Reproduce word for word the lines from the beginning of the entries to the line with "Vtg Express Tricot", both included, but none of the pictures.

[Dataset items]
-- Opening Marker --

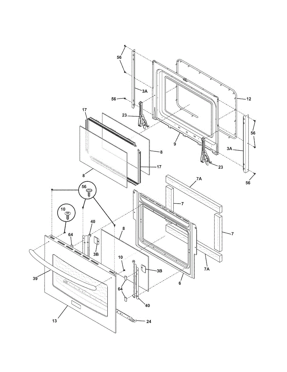Inner door glass panel for range and wall oven doors. Replace if cracked, shattered, or slipped out of position. Installs between outer glass and oven cavity.
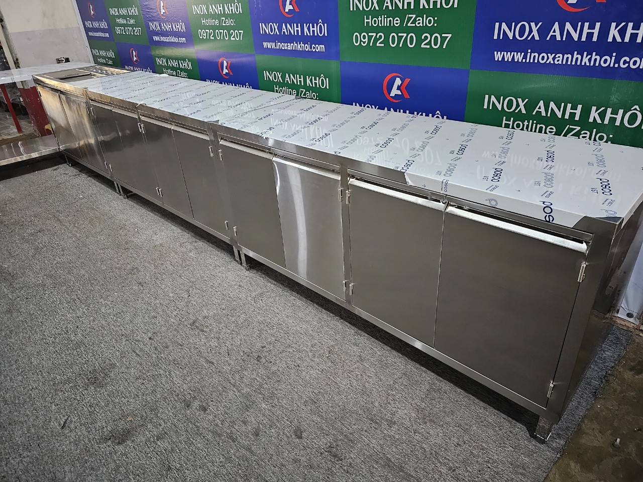 - Bàn bếp inox , bàn chặt bằng inox , bàn bếp inox sơ chế nhà hàng do chính tay inox anh khôi sản xuất và gia công theo yêu cầu .
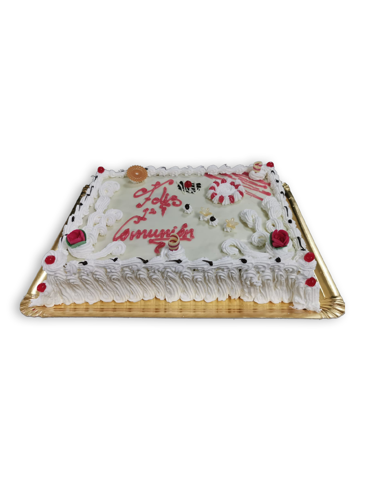 Personalizadas en colores, formas y detalles decorativos, pueden incluir figuras, símbolos religiosos, nombres o mensajes especiales. Su presentación cuidada y su sabor casero hacen de estas tartas el broche perfecto para una comunión inolvidable, donde cada detalle cuenta y cada porción se disfruta con emoción.
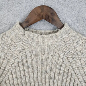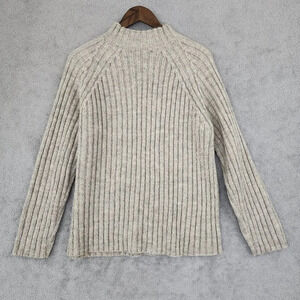Vtg Express Tricot Beige Ribbed Knit Sweater Wool Blend Crew Neck Womens M GT
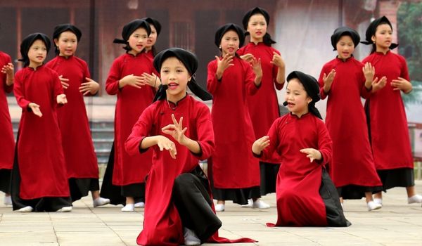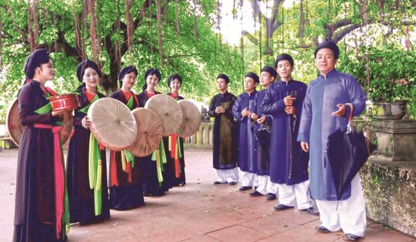 Lors de chanter Quan Ho Bac Ninh, reconnu comme patrimoine culturel immatériel par l’UNESCO en 2009, es femmes, arborant de grands chapeaux ronds (le Nón Quai Thao) et des foulards distinctifs, chantent avec émotion, exprimant des états tels que le désir et la tristesse liés à la séparation, ainsi que la joie des retrouvailles amoureuses. Les hommes répondent avec des mélodies similaires mais des paroles différentes. Leurs costumes traditionnels comprennent des turbans, des parapluies et des tuniques.
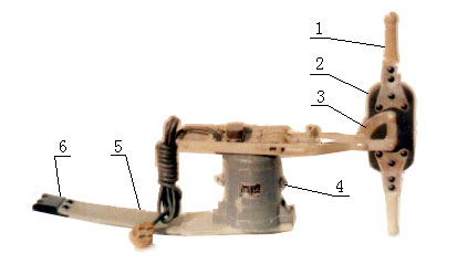 基本結構:1手把、2彈性把座、3調整板、4電機殼、5鎬板、6搗固爪
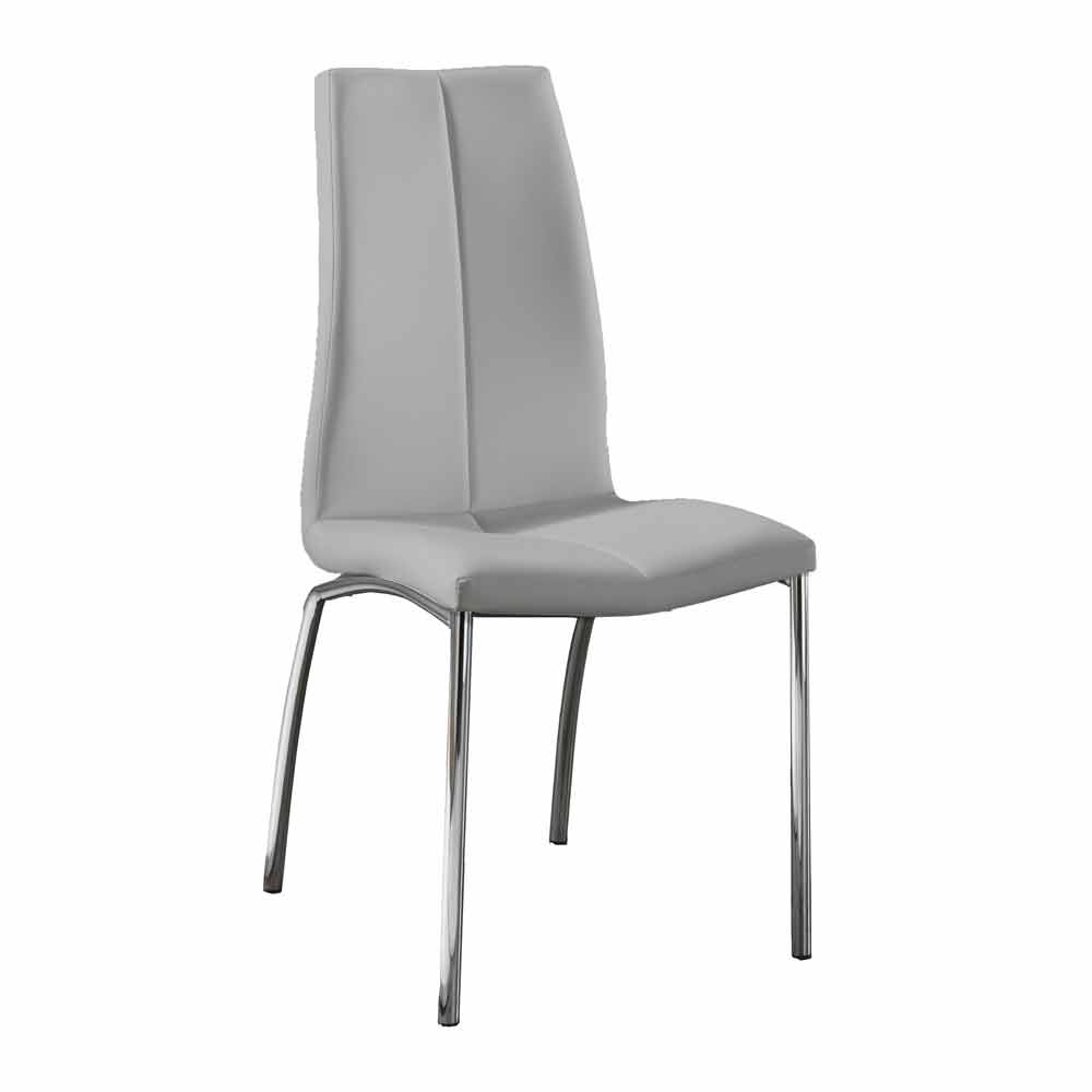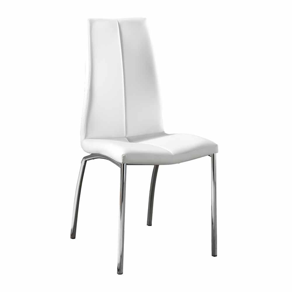 Stolar med förkromad metallkonstruktion, vadderat säte och ryggstöd täckt med konstläder. Finns i olika färger.
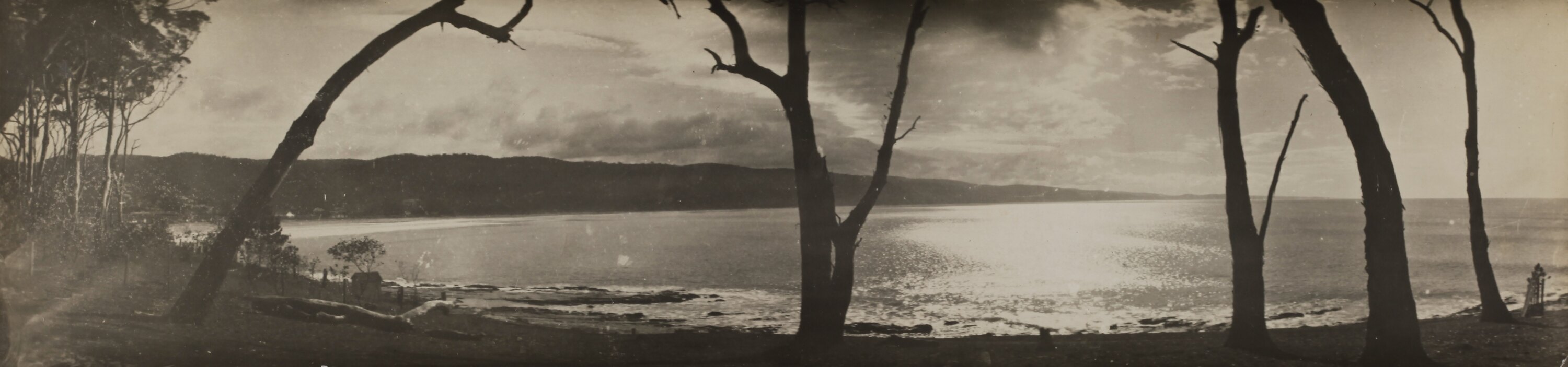 Monochrome photograph of Loutit Bay, Lorne, through the gum trees. It is part of a collection of glass plate negatives, stereoscopic negatives, panoramas, postcards, photographs and cameras belonging to the William S Anderson Collection.
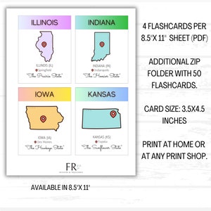 US States and Capitals Flashcards United States Homeschool Activity

-- Closing Marker --

• Reply
Inner door glass panel for range and wall oven doors. Replace if cracked, shattered, or slipped out of position. Installs between outer glass and oven cavity.
 - Bàn bếp inox , bàn chặt bằng inox , bàn bếp inox sơ chế nhà hàng do chính tay inox anh khôi sản xuất và gia công theo yêu cầu .
 Personalizadas en colores, formas y detalles decorativos, pueden incluir figuras, símbolos religiosos, nombres o mensajes especiales. Su presentación cuidada y su sabor casero hacen de estas tartas el broche perfecto para una comunión inolvidable, donde cada detalle cuenta y cada porción se disfruta con emoción.
Vtg Express Tricot Beige Ribbed Knit Sweater Wool Blend Crew Neck Womens M GT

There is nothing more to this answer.